▶

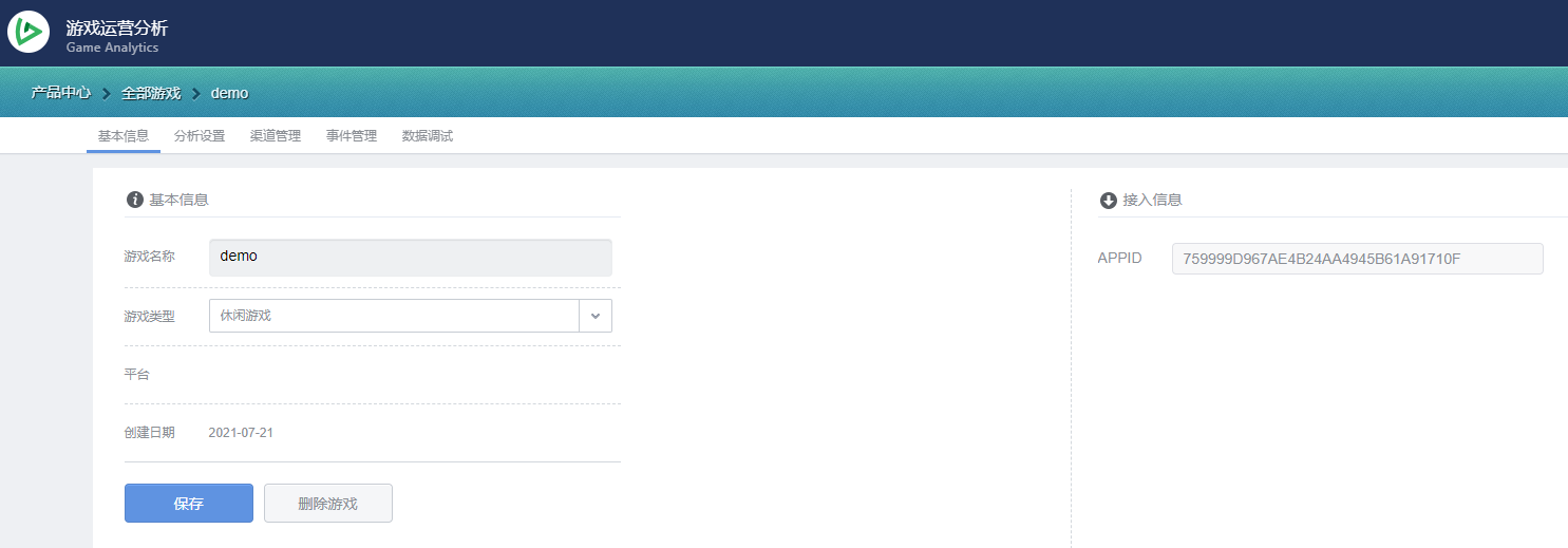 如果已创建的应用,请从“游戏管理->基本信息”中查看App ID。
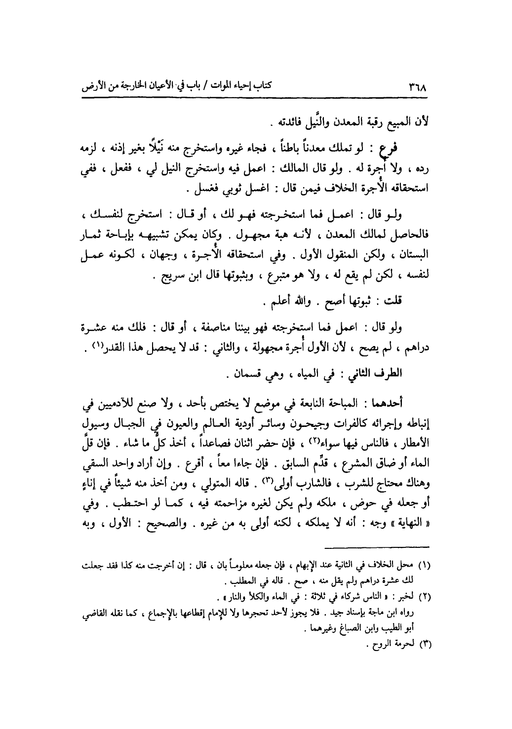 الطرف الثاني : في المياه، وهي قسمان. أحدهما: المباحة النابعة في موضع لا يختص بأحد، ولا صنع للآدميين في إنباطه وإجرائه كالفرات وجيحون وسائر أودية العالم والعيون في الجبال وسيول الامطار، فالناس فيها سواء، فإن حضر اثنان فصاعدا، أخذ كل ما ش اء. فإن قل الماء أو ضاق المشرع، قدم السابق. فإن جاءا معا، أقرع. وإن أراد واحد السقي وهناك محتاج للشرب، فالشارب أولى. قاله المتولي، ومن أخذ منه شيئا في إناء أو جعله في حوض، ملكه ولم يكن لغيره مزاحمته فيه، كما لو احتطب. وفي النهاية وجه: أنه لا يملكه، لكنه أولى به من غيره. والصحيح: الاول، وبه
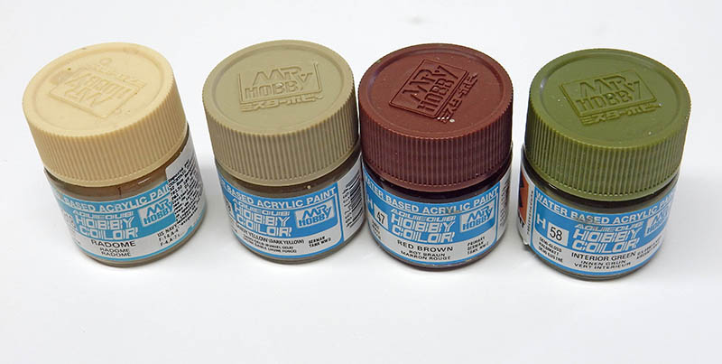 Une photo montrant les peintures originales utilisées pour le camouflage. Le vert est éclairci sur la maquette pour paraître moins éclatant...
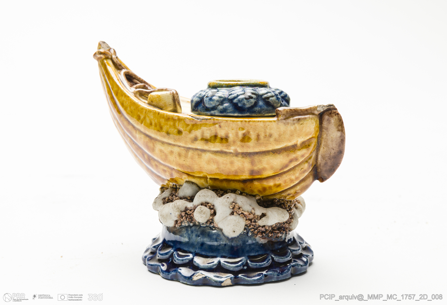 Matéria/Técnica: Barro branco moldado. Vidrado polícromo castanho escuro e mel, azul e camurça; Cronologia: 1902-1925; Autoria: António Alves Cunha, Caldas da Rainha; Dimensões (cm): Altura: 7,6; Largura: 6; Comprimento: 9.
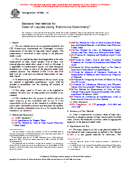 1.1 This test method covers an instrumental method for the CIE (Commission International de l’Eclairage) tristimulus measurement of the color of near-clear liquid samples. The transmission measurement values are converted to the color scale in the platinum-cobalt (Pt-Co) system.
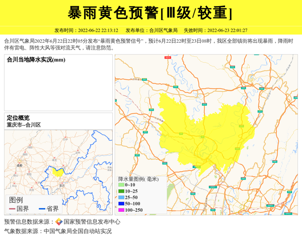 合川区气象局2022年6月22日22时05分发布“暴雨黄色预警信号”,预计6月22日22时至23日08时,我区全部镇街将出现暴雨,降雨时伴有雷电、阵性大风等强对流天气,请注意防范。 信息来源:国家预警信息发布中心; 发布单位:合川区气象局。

◀
▶

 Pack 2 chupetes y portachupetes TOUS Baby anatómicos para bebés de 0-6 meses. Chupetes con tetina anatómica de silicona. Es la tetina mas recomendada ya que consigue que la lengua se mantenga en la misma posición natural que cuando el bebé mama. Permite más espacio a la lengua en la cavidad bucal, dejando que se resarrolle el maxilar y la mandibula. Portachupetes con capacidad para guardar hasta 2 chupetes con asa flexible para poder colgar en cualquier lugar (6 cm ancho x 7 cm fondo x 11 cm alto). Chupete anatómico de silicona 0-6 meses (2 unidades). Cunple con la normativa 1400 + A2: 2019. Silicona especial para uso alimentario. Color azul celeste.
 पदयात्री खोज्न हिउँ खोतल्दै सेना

◀
▶

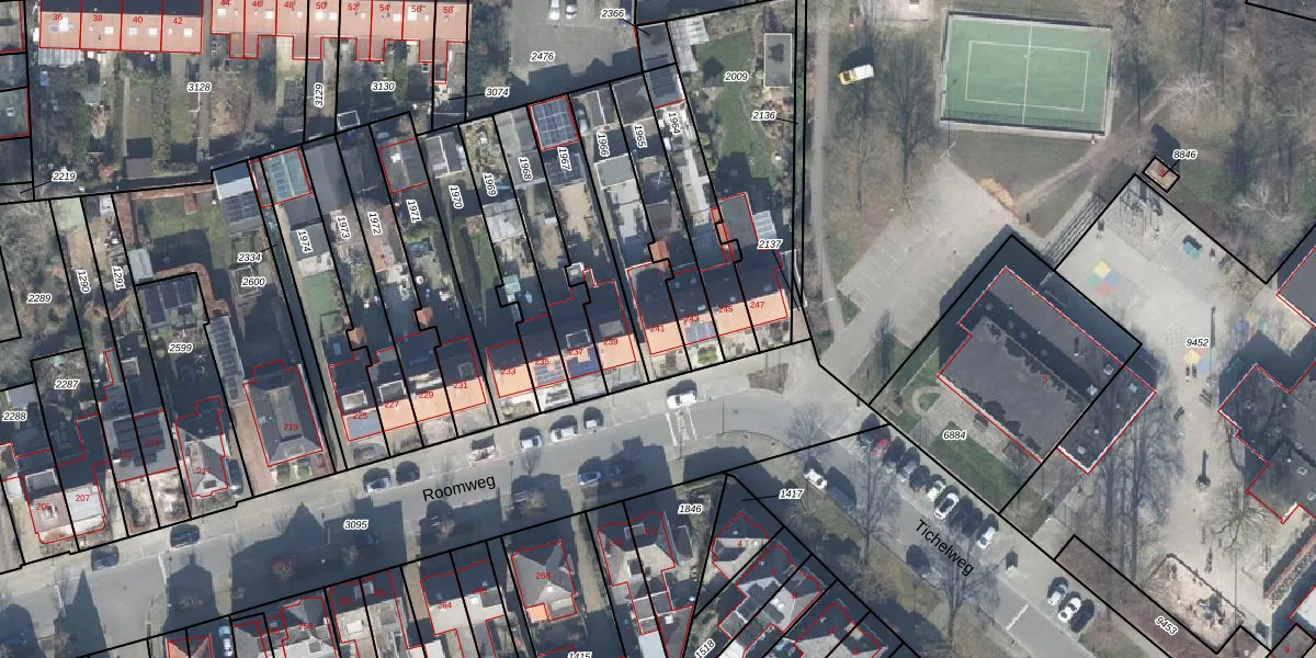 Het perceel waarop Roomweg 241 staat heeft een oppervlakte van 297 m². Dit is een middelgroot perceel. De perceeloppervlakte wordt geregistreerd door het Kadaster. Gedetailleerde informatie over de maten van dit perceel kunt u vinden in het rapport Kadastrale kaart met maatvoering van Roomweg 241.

◀

Would you transcribe the lines above exactly, going from the line bearing "Matéria/Técnica: Barro branco" through the line bearing "1.1 This test", and drop the pictures from the copy?

 Matéria/Técnica: Barro branco moldado. Vidrado polícromo castanho escuro e mel, azul e camurça; Cronologia: 1902-1925; Autoria: António Alves Cunha, Caldas da Rainha; Dimensões (cm): Altura: 7,6; Largura: 6; Comprimento: 9.
 1.1 This test method covers an instrumental method for the CIE (Commission International de l’Eclairage) tristimulus measurement of the color of near-clear liquid samples. The transmission measurement values are converted to the color scale in the platinum-cobalt (Pt-Co) system.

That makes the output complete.